I imagine them dying a slow death.

Of them lying on the cottage floor, paralyzed and bleeding out.

“Did someone break into the cottage that night or were they let in?”

“The door wasn’t broken,” he says. “It appears that someone either let the killer in or that the killer was already there,

in the cottage.”

I nod, my throat tightening. “What killed them?” I ask. “The object,” I say, when he says nothing. “What is the blunt object

that killed them? Do you know?”

He nods, though it takes a second for him to tell me.

“A baseball bat.”

I wince as he says it, seeing someone, some shadowy, ambiguous shape standing behind Emily that night on the screened-in porch,

the bat hoisted over a shoulder. I see him hitting her so hard with the bat—putting his whole body into it—that Emily’s spinal

cord severed, that her legs gave completely out, losing function; I see her buckle and collapse onto the floor, and I wonder

if the injury to the head came next, after she was already incapacitated and lying on the ground, or if that came first, and

if she was already bleeding and losing consciousness when she was hit in the back.

There is a bad alkaline taste on my tongue all of a sudden.

It doesn’t matter how it happened. Either way she’s dead.

“How do you know it was a bat? How can you be certain?” I ask.

“We found the bat,” he tells me. “It was just outside the cottage, a black and teal alloy bat. A Louisville Slugger. It had

blood on it still.” He’s quiet a minute, letting me process that. Then he says, “We compared the blood to Mr. and Mrs. Crane’s

blood. It was a match. There were prints on it as well.
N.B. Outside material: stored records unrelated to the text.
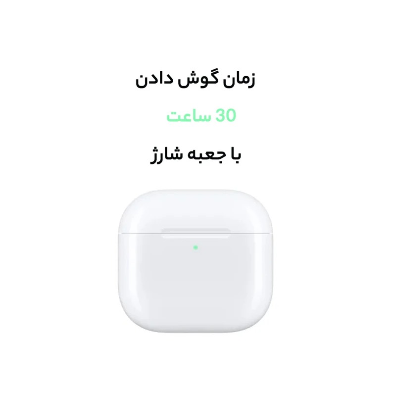 با استفاده از کیس شارژ ایرپاد 4 شما می‌توانید تا 30 ساعت به موسیقی گوش دهید. این زمان برای ایرپاد‌ها برابر 5 ساعت می‌باشد.
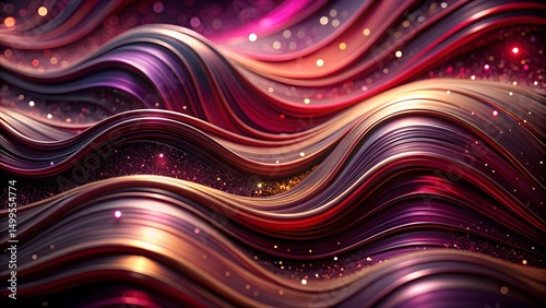 abstract, background, texture, wave, line, curve, metallic, shimmer, sparkle, glistering, particle, red, purple, pink, gold, orange, brown, dark, vibrant, colourful, dynamic, flowing, smooth, glossy, shiny, elegant, luxurious, design, pattern, illustration, digital, art, graphic, wallpaper, template, element, optical, overlay
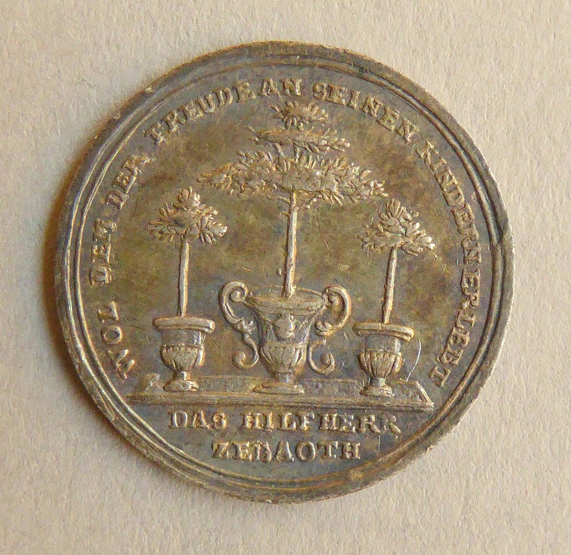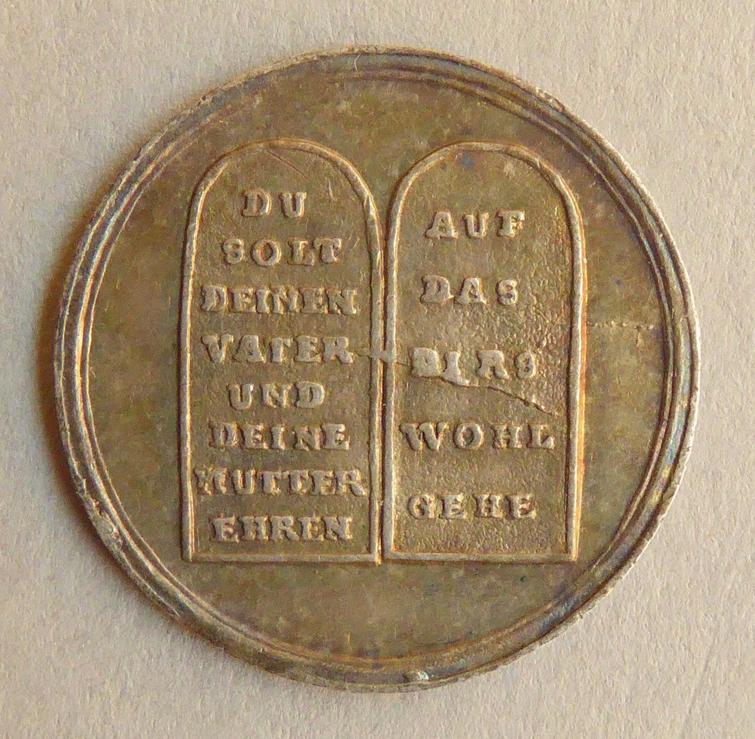 Penning met "Wol dem der Freude an seine Kinder erlebt ...", kz. Du sollst deinen Vater und ..."
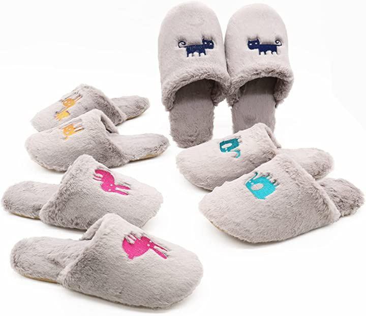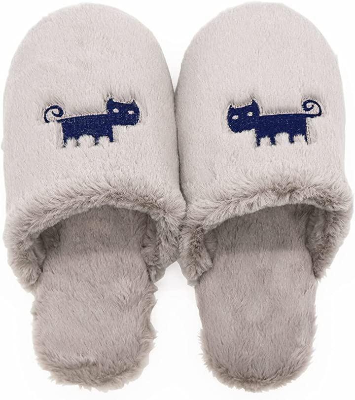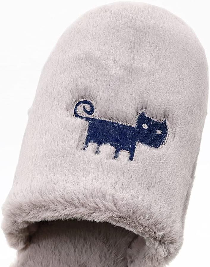 ・ニット素材の可愛らしいソフトタイプのスリッパ・・刺繍のワンポイントの動物柄があしらわれており、リビングにも、お部屋にもおススメのルームシューズ・

We’re running those now.”

I nod, despite knowing the bat will have all sorts of prints on it. Wyatt’s, Reese’s, Elliott’s, mine. The police won’t be

able to glean anything from it, because every single one of us touched the bat that night.
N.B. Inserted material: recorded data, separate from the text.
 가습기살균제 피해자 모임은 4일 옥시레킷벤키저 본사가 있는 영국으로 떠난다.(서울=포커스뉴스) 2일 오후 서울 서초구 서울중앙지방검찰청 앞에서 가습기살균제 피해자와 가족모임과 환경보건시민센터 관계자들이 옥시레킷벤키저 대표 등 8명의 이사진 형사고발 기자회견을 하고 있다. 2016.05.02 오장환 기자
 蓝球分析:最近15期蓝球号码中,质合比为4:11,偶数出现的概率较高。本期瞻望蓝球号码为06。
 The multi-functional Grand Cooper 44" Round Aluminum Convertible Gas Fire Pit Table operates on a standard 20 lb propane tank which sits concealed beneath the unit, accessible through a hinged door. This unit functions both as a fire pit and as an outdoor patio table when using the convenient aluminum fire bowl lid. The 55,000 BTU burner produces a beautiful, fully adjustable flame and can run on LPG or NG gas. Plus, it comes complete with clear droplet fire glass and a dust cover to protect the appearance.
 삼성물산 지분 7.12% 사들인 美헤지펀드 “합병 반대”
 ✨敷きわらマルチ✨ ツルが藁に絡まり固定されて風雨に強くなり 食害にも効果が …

It’s dusk by the time I get back to the cottage. Over the last few minutes, the sky went from a medley of colors to a dark,

saturated inky blue. As it did, a million glittery stars came out to dot the night sky, which is clear and moonless.

We don’t see skies like this back home. Under different circumstances, it would be magical. I’d stand in marvel, taking it

all in, never imagining there could be so many stars in one sky.

But tonight the darkness scares me, a creeping-up, closing-in sense of blindness, a blackening out of the world around me.

I pull onto the gravel drive and park behind the police officer whose car is on, the engine idling with the window closed.

In the side mirror, I just barely make out a reflection. The eyes, when they look back, are different than before. This is

someone new, and though I can’t see his whole face, I can assume from the width of him and the height of his head in the front

seat, just barely skimming the ceiling of the car, that it’s a man.